◆ **Material provided**
*-*-*

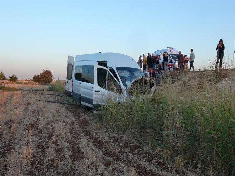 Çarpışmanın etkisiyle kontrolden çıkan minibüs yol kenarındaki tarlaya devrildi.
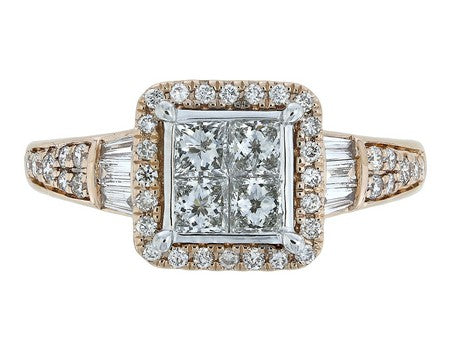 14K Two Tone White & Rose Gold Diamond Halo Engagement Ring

*-*-*

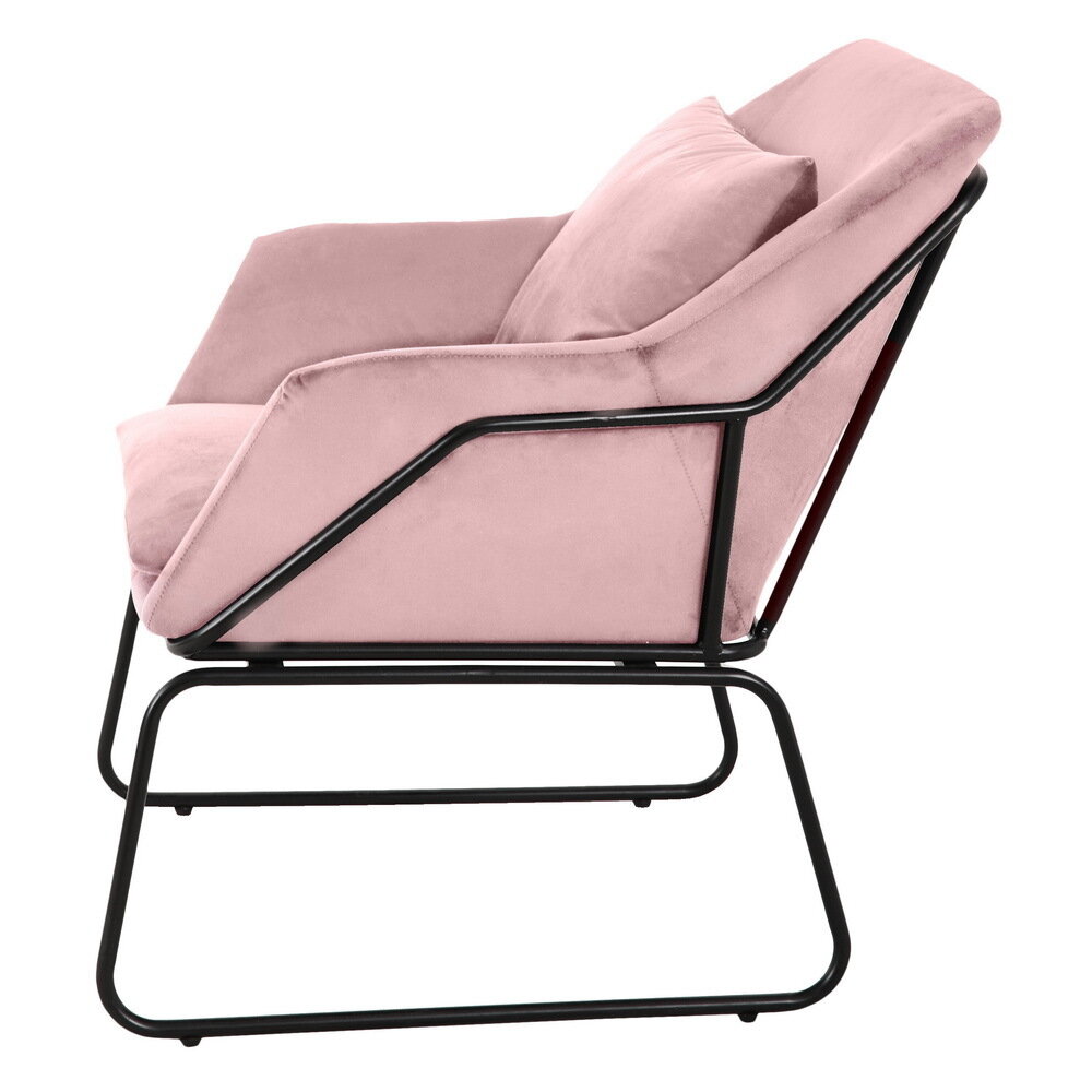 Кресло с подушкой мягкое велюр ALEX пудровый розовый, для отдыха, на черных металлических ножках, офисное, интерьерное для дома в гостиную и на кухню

*-*-*

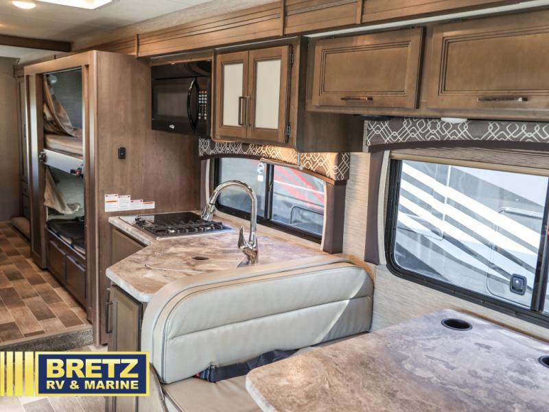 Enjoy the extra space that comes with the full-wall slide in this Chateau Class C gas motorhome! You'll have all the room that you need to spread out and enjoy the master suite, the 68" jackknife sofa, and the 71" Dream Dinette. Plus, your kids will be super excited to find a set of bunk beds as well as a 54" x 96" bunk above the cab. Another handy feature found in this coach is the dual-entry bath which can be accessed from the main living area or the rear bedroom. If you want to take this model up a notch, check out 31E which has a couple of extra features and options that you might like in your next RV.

*-*-*

◆ **What is needed**
In the entries above, find the line that contains "Çarpışmanın etkisiyle kontrolden" and the line that contains "14K Two Tone". Reproduce exactly those two lines and every line between them, but not the pictures.

◆ **Result of this exercise**
 Çarpışmanın etkisiyle kontrolden çıkan minibüs yol kenarındaki tarlaya devrildi.
 14K Two Tone White & Rose Gold Diamond Halo Engagement Ring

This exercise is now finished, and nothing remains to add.